Print the lines exactly. Start at the first line of the material below, end with the line that contains "Lola donne un", and skip all pictures.
Data extract: Begin
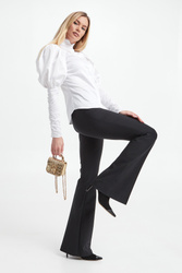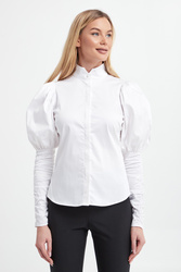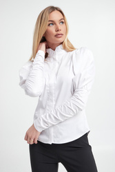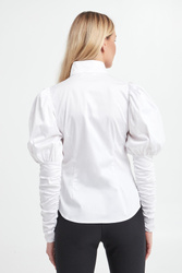 Koszula marki Notes Du Nord w kolorze białym. Model ze stójką z ozdobnym, perłowym guzikiem. Zapinana na guziki pod ukrytą plisą. Długie rękawy z bufkami na ramionach i drapowaniem od łokcia. Fason slim.
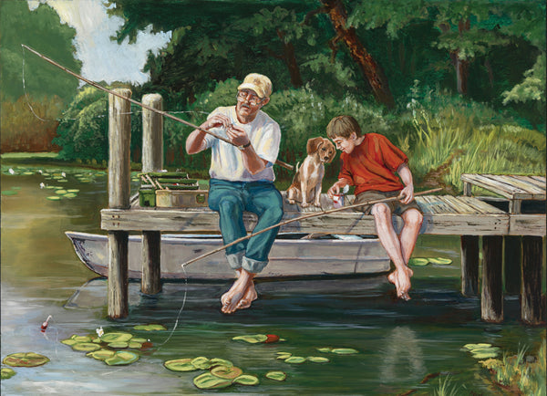 Lola donne un peu de nez à Mikey, son pêcheur préféré en attendant «sur le quai» pour que grand-père Gary enfile son poteau.
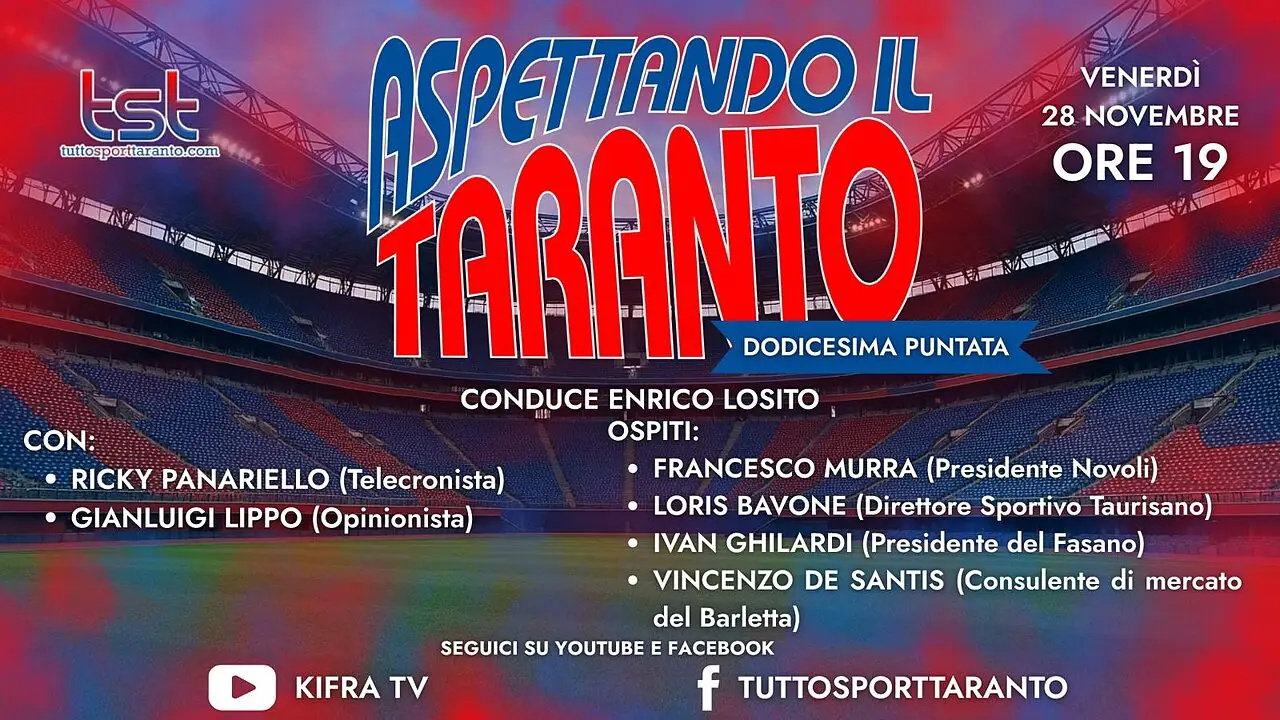 Venerdì 28 novembre dalle ore 19:00 in diretta dagli studi di Ki.fra Tv nuovo appuntamento con “ASPETTANDO IL TARANTO”, il contenitore sportivo a cura della redazione di Tutto Sport Taranto.com condotto da Enrico Losito, coadiuvato dal telecronista Ricky Panariello e dall’opinionista Gianluigi Lippo con la regia di Claudio Ingrosso. Nel corso della puntata tratteremo le tematiche di stretta attualità della SS Taranto Calcio e commenteremo l’ultima gara di campionato e la gara di Coppa Italia con il Novoli proiettandoci alla prossima gara in trasferta contro il Turisano. Ospiti in collegamento esterno ci saranno: Francesco Murra, presidente del Novoli; Loris Bavone, direttore sportivo del Taurisano; Ivan Ghilardi, presidente del Fasano e Vincenzo De Santis, consulente di mercato del Barletta. Vi aspettiamo in diretta sulle pagine ufficiali Facebook, Youtube e Twitch di Tutto Sport Taranto e Ki.fra tv dalle ore 19:00 con le vostre domande, commenti e opinioni…NON MANCATE!!! Il contenitore sportivo è stato realizzato grazie al supporto di Studio Fornaro-Occhinegro dottori commercialisti associati, in Piazzale Dante, 8 a Taranto; in via Skanderbeg, 64 a Bari e in via Einaudi, 10 a Locorotondo (BA); Erario Ottavio Srls – Costruzioni edilizie in via Don Minzoni, 2 a Manduria (TA); 101 Desideri Floreali, Via Lama, 120 a Lama (TA) cell. 389/5245740; Hotel Virgilio "Una Terrazza sul Mare " Viale Virgilio, 4 a Taranto tel. 099/4594116; Nolocar Srls , via Galeso, 355 a Taranto cell. 346/5075088; Headway Travel di Ascoli Annunziata, Piazza Vittorio Veneto, 3 a Palagiano (TA) tel. 099/6528083; Auto Zentrum Rent Car by Giuliani, sede di Mottola, via C.A.Dalla Chiesa, s.n.c.,tel.099/8051329; cell.388/4456544; 328/6130332; sede di Gioia del Colle via Giulio Pastore, 78; tel. 080/4729201; cell. 328/6130332. .
Data extract: End
Finished task
 Koszula marki Notes Du Nord w kolorze białym. Model ze stójką z ozdobnym, perłowym guzikiem. Zapinana na guziki pod ukrytą plisą. Długie rękawy z bufkami na ramionach i drapowaniem od łokcia. Fason slim.
 Lola donne un peu de nez à Mikey, son pêcheur préféré en attendant «sur le quai» pour que grand-père Gary enfile son poteau.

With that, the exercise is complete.